• _ACTIVITY_:
From the records that follow, return exactly the lines beginning at the one that contains "Meteorological stations in the Bolivian Andes" and ending at the one that contains "Gambar 3. Tim", pictures left out.
(SOURCE RECORDS begins)
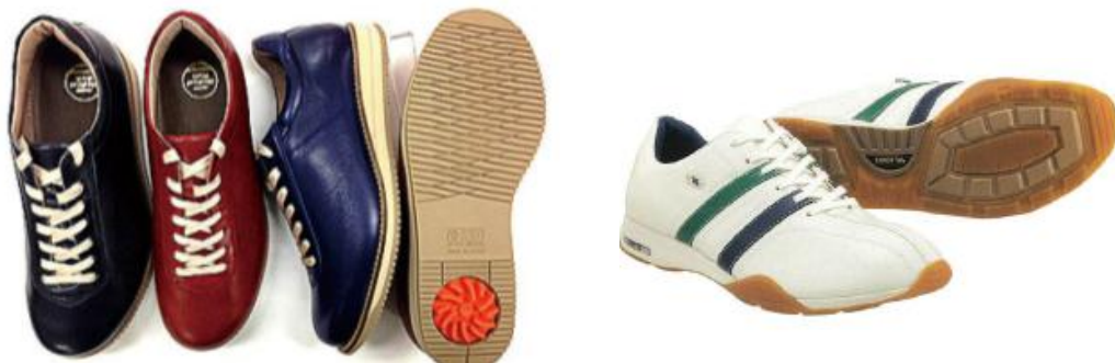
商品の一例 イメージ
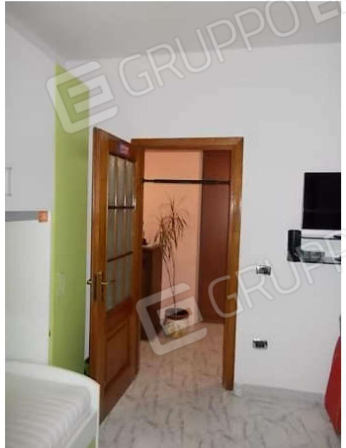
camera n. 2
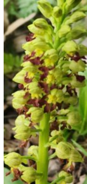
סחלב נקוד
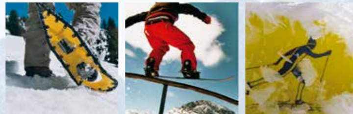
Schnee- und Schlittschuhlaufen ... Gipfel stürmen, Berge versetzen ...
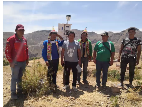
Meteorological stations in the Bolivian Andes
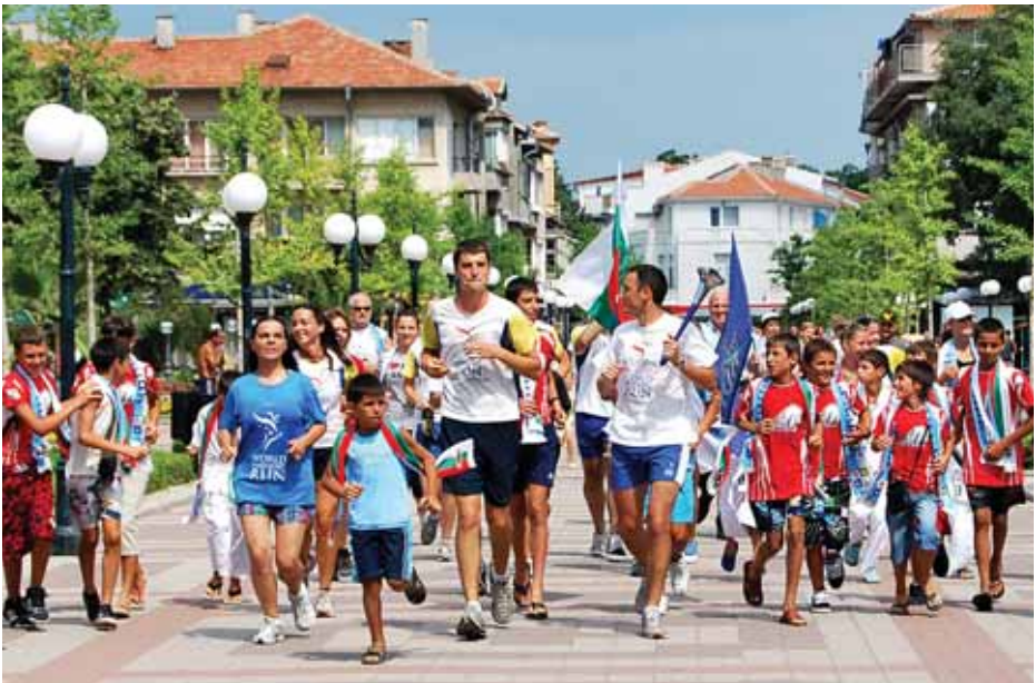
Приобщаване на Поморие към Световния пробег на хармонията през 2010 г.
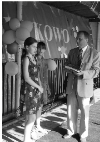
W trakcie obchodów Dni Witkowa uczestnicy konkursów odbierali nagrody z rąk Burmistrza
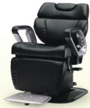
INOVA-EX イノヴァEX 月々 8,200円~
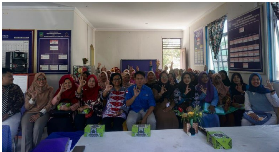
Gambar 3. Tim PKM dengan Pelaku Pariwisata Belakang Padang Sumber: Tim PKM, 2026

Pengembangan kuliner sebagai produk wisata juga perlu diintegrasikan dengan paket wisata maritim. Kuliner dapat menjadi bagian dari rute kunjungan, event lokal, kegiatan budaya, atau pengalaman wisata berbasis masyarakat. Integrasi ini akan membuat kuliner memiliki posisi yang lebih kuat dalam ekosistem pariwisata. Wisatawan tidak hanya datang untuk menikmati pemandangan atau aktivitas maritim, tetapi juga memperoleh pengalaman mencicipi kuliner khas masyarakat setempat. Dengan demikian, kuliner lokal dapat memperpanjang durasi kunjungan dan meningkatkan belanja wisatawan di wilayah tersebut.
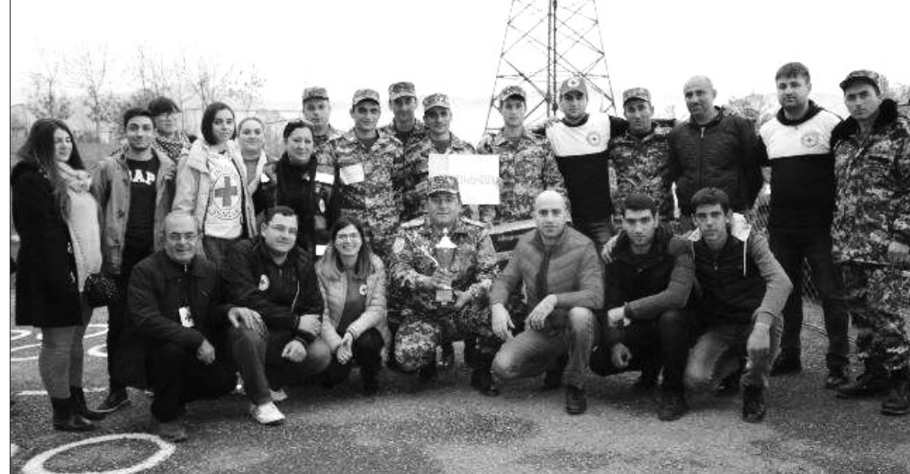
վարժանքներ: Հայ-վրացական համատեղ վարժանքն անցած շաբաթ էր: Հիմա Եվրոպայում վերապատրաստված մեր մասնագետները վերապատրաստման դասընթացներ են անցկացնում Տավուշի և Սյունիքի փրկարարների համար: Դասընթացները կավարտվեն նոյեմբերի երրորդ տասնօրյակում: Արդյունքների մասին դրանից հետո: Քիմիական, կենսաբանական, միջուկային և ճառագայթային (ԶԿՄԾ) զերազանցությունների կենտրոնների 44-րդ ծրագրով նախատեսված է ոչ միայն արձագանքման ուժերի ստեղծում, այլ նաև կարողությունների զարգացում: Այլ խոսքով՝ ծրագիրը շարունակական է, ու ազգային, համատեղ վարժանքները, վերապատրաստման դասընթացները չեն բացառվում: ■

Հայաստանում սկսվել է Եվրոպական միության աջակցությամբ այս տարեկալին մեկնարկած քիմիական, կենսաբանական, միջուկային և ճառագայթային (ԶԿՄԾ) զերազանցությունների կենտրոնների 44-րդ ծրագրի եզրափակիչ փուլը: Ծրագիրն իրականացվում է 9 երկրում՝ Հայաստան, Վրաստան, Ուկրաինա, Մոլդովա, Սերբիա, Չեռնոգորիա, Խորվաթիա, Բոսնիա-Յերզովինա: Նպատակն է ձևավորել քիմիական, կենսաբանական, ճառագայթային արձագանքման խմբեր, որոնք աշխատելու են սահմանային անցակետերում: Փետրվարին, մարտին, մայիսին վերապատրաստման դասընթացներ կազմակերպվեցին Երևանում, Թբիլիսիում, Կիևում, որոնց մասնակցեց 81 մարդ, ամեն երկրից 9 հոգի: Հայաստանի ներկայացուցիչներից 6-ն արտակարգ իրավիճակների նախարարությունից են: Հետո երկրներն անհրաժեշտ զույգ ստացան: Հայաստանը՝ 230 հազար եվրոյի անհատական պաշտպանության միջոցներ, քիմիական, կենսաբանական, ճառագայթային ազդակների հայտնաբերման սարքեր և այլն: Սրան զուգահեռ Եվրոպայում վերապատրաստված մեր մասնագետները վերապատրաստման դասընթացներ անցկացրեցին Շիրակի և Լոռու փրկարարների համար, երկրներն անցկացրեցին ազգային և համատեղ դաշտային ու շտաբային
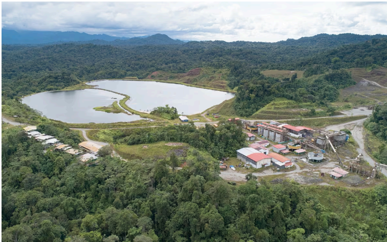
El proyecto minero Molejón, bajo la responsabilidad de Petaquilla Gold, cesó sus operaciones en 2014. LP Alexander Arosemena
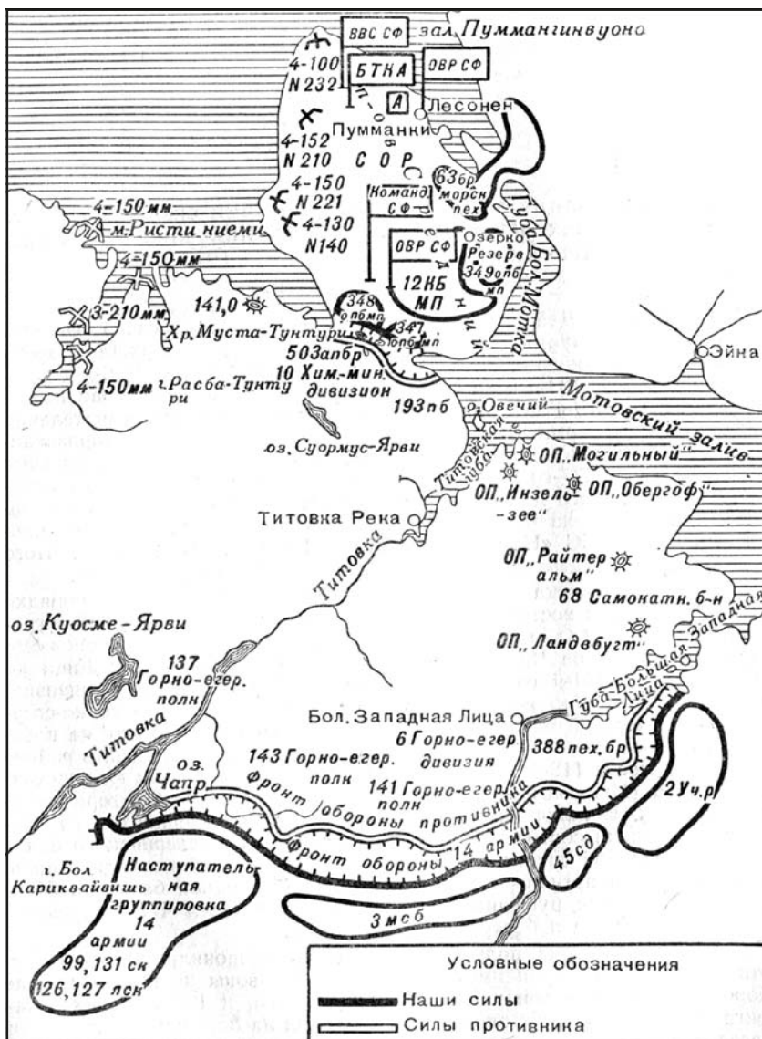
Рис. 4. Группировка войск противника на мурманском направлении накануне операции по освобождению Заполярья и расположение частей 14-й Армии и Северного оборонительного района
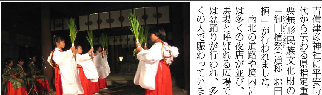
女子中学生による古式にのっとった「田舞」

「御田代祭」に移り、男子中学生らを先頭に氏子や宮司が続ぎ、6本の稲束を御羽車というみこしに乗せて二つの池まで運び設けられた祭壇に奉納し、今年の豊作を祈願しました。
(SOURCE RECORDS ends)
• _SOLUTION TO THE EXERCISE_:
Meteorological stations in the Bolivian Andes
Приобщаване на Поморие към Световния пробег на хармонията през 2010 г.
W trakcie obchodów Dni Witkowa uczestnicy konkursów odbierali nagrody z rąk Burmistrza
INOVA-EX イノヴァEX 月々 8,200円~
Gambar 3. Tim PKM dengan Pelaku Pariwisata Belakang Padang Sumber: Tim PKM, 2026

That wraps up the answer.